While arrears have been rising slightly at the major banks recently, data from the Reserve Bank of Australia (RBA) found less than 1 per cent of all housing loans are 90 or more days in arrears and less than 3 per cent of highly leveraged borrowers – the group of households most at risk – are in arrears.

New research from Roy Morgan also showed the number of mortgage holders at risk of mortgage stress is falling and is set to fall further over the next few months, partly due to the introduction of the stage 3 tax cuts in July.

The HIA has therefore recommended that the prudential regulator should support a target band of residential mortgage arrears rate of 2–3 per cent, as a means of freeing up restrictive lending practices.

‘Zero mortgage delinquencies is an unattainable and undesirable goal’

Explaining the recommendation, HIA chief economist Tim Reardon said that ongoing regulations have forced banks to eliminate much of the flexibility and competition in the mortgage market that made home ownership accessible for households of variable credit quality, such as first home buyers.

He said: “Just as zero inflation is not the RBA’s goal, zero mortgage delinquencies is an unattainable and undesirable goal for APRA.

“Despite this, home buyers in Australia have been subjected to more than a decade of additional restrictions on lending that have reduced competition among banks issuing loans, especially for first home buyers.

“Mortgage arrears in Australia remained exceptionally close to zero through the GFC and the pandemic, but regulators continue to impose additional constraints on lending, competition among banks and restricting housing supply.

“This ‘belt and braces’ approach to macro-prudential restrictions is needlessly restrictive and increasingly limits lending only to those that already own at least one home, pursuing financial system stability at the expense of first home buyers…

“Banks should be making the decision on who is able to service a mortgage, not the Australian Government.

“Banks are well placed to make this assessment and are protected from delinquency through mortgage insurance.

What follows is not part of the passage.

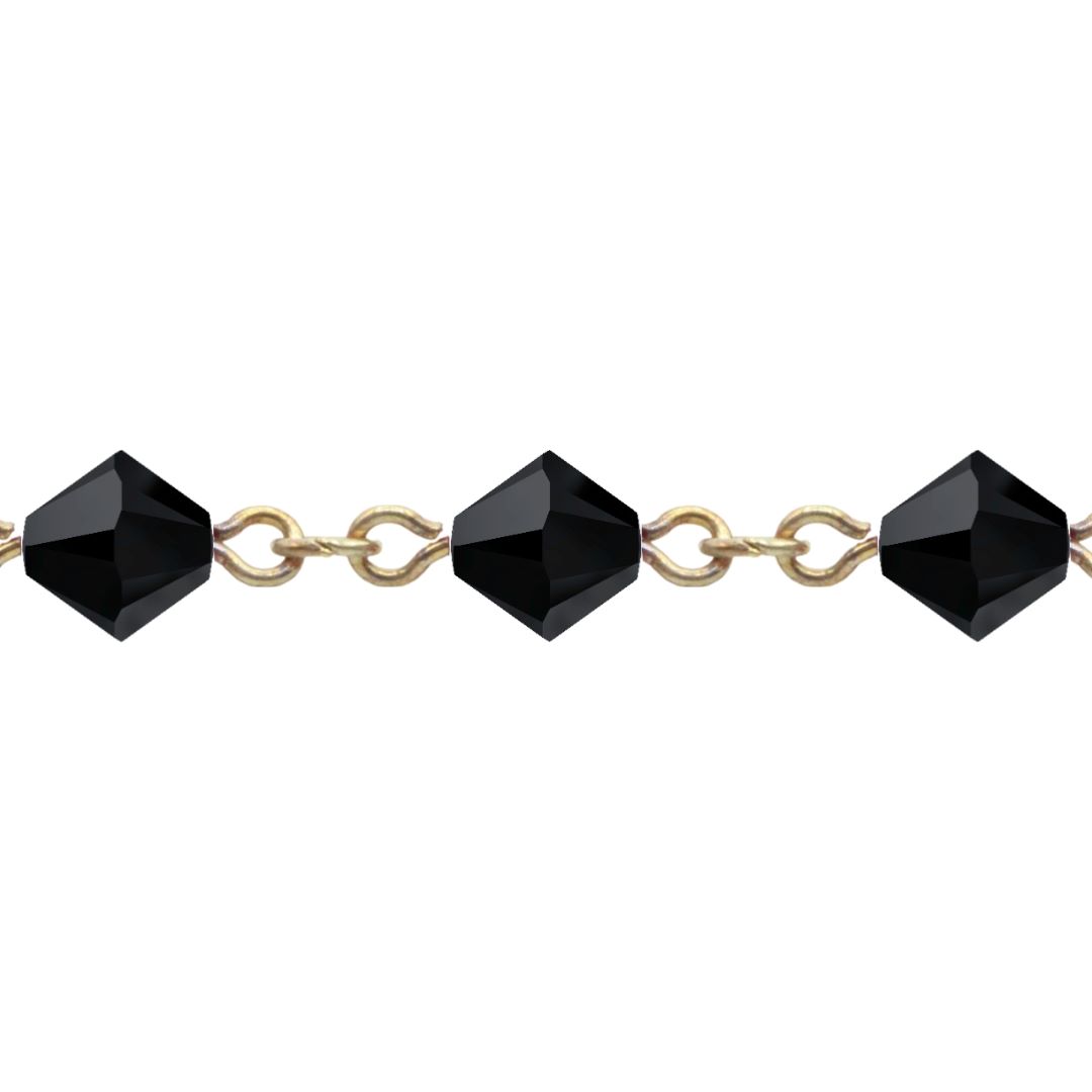Swarovski Looped / Link Chain – 4mm – Jet / Gold – Price per centimeter.

“Requiring regulators to target a rate of mortgage arrears of between 2 and 3 per cent, or double the current rate, will prioritise home ownership as well as financial system stability.

“Ensuring that home ownership remains an attainable goal for Australian households is an equally important objective that has not received adequate recognition among financial regulators.”

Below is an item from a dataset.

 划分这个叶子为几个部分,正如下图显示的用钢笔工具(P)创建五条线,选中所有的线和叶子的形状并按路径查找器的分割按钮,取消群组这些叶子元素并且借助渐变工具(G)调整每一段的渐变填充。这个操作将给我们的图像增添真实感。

The HIA also suggested to the Senate inquiry that a new “independent oversight board” should be established to provide oversight to the financial regulatory framework implemented by APRA and ASIC, similar to the RBA governance.

According to the HIA, such a board should ensure that future macroprudential initiatives achieve their objectives while monitoring for unintended consequences.

However, it said that the board would not replace “the club of regulators” (the Council of Financial Regulators) that currently review each other’s efforts to introduce new regulations, rather to “temper these measures against broader economic and social goals”.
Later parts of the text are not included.